Richard Shaler wrote: Okay, maybe NT and Unix can be hacked, but how many of them are being hacked? Isn't the truth that these systems are being used for prime time. Aren't many of them using firewalls and aren't these firewalls good enough, even without 10-dot addresses; or, is it that businesses have just been lucky, so far? Yes, this is true, and businesses are using NT & Unix without firewalls. The very real question here, is what are these shops accomplishing with NT & Unix that could not be accomplished easier, better, cheaper, faster, with an AS/400? Dave

[Guest.Visitor]

Whoa. Great comments and analysis from all! I went from depths (after Thomas's essay) to elation (after Joe's) and then back and forth. And I agree with everyone (or I wouldn't be swinging back and forth). I think that right now there is a generation of hot young I.S. directors getting a whole generation of companies into hot water. And, if our economy is lucky, CEO and CIO's will eventually figure out they need a more stable platform, for all the reasons cited in this topic. How soon before they'll decide they've lived with their mistakes long enough and are willing to make new investments to rectify them? Anyone with a better sense of the macro economy have any insights? And, can we of the AS/400 world be ready for them when they start looking around for some stability in a very risky new world? I agree with you, Joe, so much! We have to write the next generation of applications and then be ready to step forward with them and make them known. When everyone's tired of trying to sort out the mess they're likely to find themselves in, can we have something "different" and distinctly better (plus tried and true) to offer? Can we have enough new young AS/400 professionals trained and coming up the ranks to fill demand for maintenance and support of these new installations, and to fill the ranks of senior people as they move on or out?
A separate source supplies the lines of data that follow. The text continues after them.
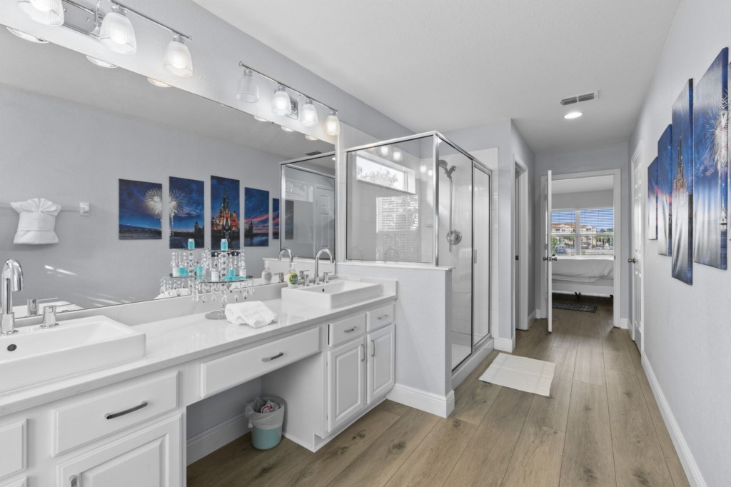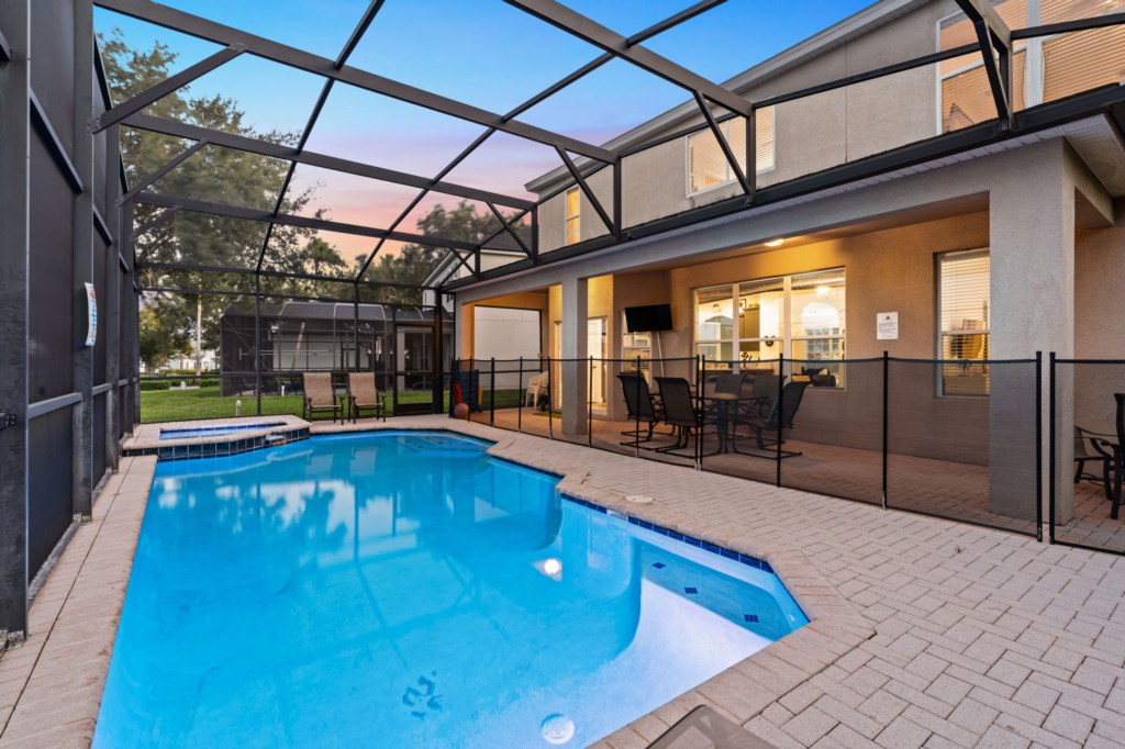 Welcome to the #1 location in Windsor Hills (closest gated resort to Disney). 6-bdrm, 4-bath Villa sleeps 12 + infants. PERFECT location is as close as you can get to the main pool and water park!! Private pool overlooks the lake with NO rear neighbors- new high output heater, and color-changing lights.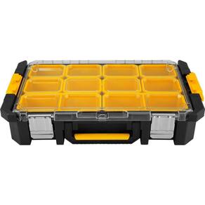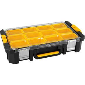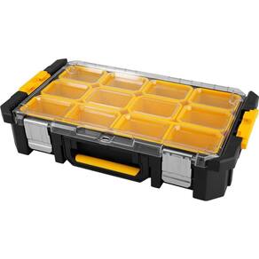 Conteúdo da Embalagem: 1 Organizador plástico. Possui 12 compartimentos removíveis, sendo 2 destes com divisória interna também removível, podendo transformar o organizador em uma maleta. Conta com alça para transporte emborrachada, duas travas reforçadas de metal e tampa com opção de colocar cadeado. Permite ser acoplado na Caixa Plástica para Ferramentas CPV 700 (61.05.000.700) e Caixa Plástica para Ferramentas, com Rodas CRV 700 (61.05.007.000) (não acompanham). Indicado para guardar e organizar peças e acessórios em geral. Modelo:OPV 700 Material:Polipropileno Comprimento:510 mm Largura:285 mm Altura:110 mm Capacidade de carga (kgf):15 kgf Cor do organizador para ferramentas:Preto, amarelo e transparente Massa aproximada (peso):2,4 kg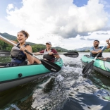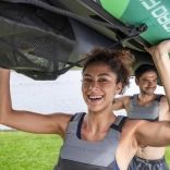 Dwa wymienne stateczniki dla precyzyjnego prowadzenia, aluminiowe wiosła 230 cm oraz ręczna pompka w zestawie. Łatwe pompowanie, przenoszenie i przechowywanie.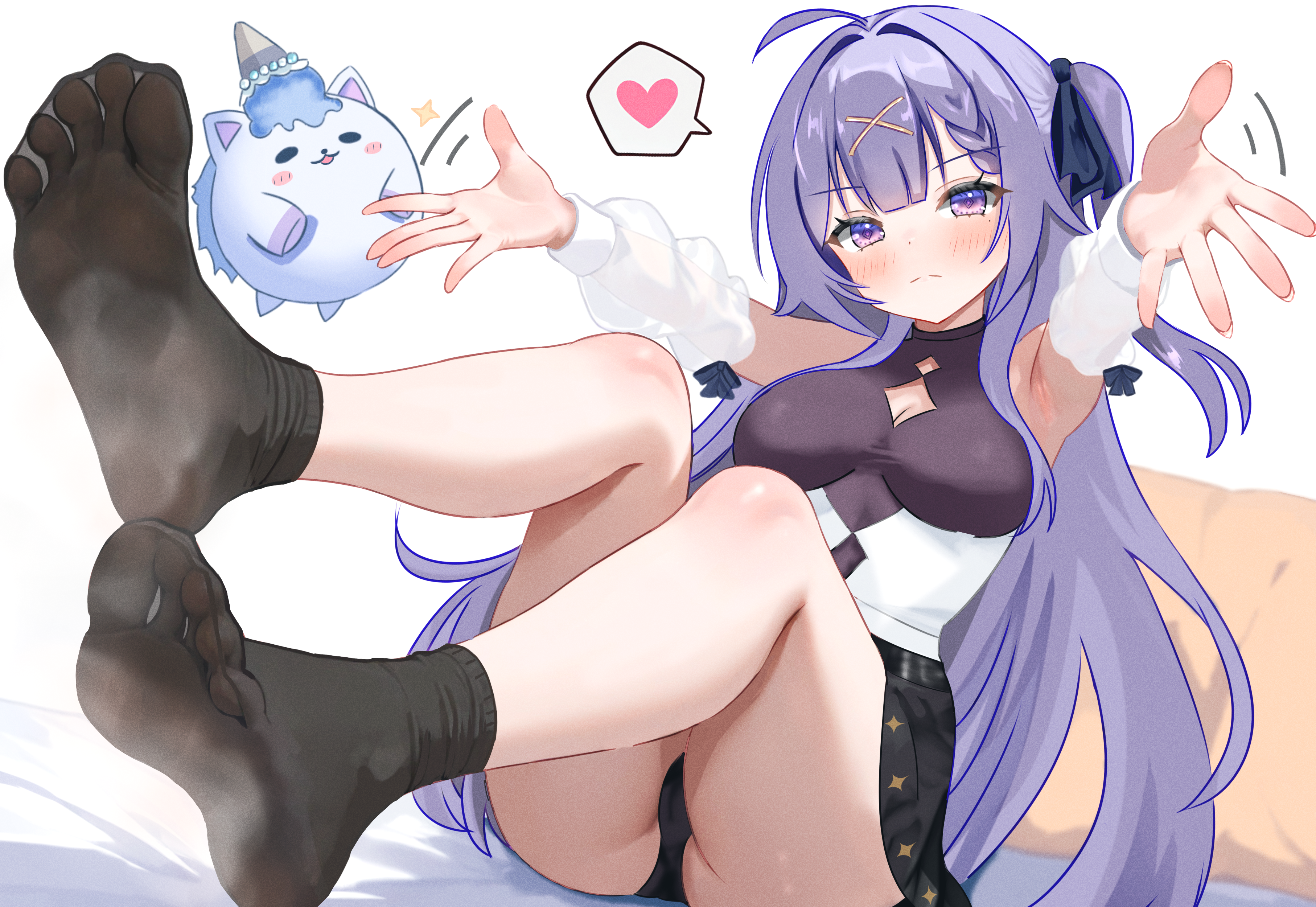 1girlblack pantiesblack socksblushfeetlong hairlooking at viewerpantiespantyshotpurple eyespurple hairsee-through clothessee-through legwearside ponytailsockssolessteamtoesunderwear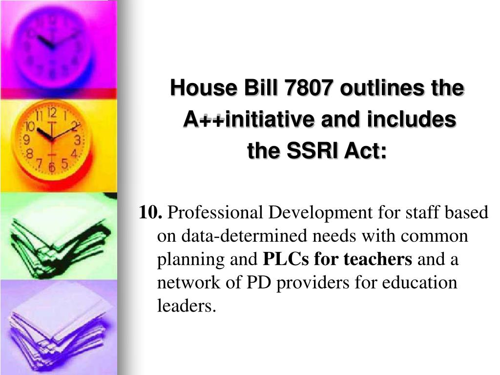 House Bill 7807 outlines the A++initiative and includes the SSRI Act: 10. Professional Development for staff based on data-determined needs with common planning and PLCs for teachers and a network of PD providers for education leaders.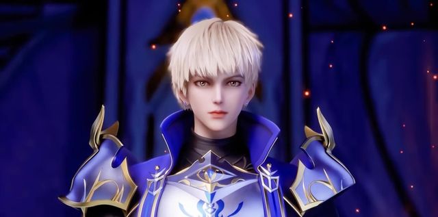 飘逸的金色头发,俊朗的面庞,五官整齐,看上去很有精神,穿着一身擦的发亮的盔甲,背后挂着一把闪着寒光的长剑,整个人有一种威风凛凛的感觉。

Sounds like a movement. It just rankles some deep sense of "quality" in me that such a very harmonious and dependable machine as our beloved AS/400 is getting ignored (squeaky wheel syndrome?). I don't want to work on a lesser machine, especially when this one can keep me moving into the future with new, state of the art technology (with an all-important edge of practicality) while at the same time letting me forget about my "legacy" applications while they run quietly and dependably, year after year, upgrade after upgrade. I'm not wasting any of our I.S. staff time being sure we're protected from all the latest new rash of viruses, or worrying about hackers getting to our essential production data. But it's a big concern for the network.